Your answer should be one number: the count of lines in the records that include the word "from".

(Task material begins)

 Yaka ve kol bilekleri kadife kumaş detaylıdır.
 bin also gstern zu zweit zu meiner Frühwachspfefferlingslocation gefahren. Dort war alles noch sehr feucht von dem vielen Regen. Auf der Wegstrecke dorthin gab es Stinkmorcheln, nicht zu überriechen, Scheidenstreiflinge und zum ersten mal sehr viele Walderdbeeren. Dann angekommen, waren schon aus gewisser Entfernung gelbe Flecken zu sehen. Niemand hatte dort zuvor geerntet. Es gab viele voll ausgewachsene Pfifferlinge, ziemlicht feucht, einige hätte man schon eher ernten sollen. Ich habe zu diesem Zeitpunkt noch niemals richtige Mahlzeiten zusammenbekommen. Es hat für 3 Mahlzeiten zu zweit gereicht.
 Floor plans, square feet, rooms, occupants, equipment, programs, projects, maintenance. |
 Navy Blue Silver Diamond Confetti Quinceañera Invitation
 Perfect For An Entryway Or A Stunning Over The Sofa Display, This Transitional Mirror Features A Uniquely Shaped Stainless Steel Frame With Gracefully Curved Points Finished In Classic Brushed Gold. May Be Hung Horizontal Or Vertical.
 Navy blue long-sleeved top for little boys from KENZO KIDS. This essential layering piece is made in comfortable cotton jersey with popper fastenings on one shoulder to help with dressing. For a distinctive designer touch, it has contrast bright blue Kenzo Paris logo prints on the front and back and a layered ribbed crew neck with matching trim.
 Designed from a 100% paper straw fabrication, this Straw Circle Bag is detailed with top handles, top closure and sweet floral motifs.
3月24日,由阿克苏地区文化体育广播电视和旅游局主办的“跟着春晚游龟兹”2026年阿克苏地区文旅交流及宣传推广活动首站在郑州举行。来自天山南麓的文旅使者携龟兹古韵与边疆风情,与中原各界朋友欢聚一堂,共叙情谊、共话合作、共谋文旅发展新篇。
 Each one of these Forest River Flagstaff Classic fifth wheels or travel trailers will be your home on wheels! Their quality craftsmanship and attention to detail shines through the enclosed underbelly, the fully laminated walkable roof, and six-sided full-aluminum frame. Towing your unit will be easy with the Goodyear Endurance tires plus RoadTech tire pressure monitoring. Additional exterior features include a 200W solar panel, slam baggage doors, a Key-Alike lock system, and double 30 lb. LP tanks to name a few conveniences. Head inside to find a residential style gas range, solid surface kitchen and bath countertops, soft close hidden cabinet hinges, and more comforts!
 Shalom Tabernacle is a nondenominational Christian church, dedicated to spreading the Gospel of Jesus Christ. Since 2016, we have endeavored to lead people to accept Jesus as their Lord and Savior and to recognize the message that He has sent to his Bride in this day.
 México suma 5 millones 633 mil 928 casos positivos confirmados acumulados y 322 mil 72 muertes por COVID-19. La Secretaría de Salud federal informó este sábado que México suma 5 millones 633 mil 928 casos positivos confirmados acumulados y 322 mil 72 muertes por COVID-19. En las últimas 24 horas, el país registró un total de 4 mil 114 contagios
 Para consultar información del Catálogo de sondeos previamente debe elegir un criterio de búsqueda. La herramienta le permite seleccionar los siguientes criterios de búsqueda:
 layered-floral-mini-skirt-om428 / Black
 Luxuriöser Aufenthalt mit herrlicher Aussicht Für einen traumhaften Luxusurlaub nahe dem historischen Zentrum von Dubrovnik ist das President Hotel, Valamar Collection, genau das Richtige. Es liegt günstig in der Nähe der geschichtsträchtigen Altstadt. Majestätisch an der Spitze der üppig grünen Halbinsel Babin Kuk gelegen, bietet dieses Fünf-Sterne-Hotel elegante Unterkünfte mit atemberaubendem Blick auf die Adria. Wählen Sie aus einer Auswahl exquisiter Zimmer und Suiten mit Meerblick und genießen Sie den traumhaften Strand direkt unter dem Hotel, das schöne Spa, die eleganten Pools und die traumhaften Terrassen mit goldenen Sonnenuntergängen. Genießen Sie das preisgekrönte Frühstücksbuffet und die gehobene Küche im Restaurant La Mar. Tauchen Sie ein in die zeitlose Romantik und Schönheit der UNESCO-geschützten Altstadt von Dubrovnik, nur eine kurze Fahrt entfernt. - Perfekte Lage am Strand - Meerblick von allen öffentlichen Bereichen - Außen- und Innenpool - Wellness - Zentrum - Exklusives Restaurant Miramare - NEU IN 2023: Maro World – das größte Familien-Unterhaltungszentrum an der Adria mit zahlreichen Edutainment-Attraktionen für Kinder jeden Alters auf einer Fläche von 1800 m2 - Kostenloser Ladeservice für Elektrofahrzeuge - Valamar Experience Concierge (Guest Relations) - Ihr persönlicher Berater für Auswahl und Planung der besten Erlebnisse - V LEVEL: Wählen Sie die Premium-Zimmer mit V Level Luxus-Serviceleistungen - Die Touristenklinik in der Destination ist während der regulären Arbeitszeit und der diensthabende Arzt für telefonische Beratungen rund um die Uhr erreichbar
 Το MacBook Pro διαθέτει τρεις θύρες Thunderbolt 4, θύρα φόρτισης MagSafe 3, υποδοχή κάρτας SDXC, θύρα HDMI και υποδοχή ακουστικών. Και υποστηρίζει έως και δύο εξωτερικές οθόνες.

(Task material ends)

* [Solution for this exercise] 2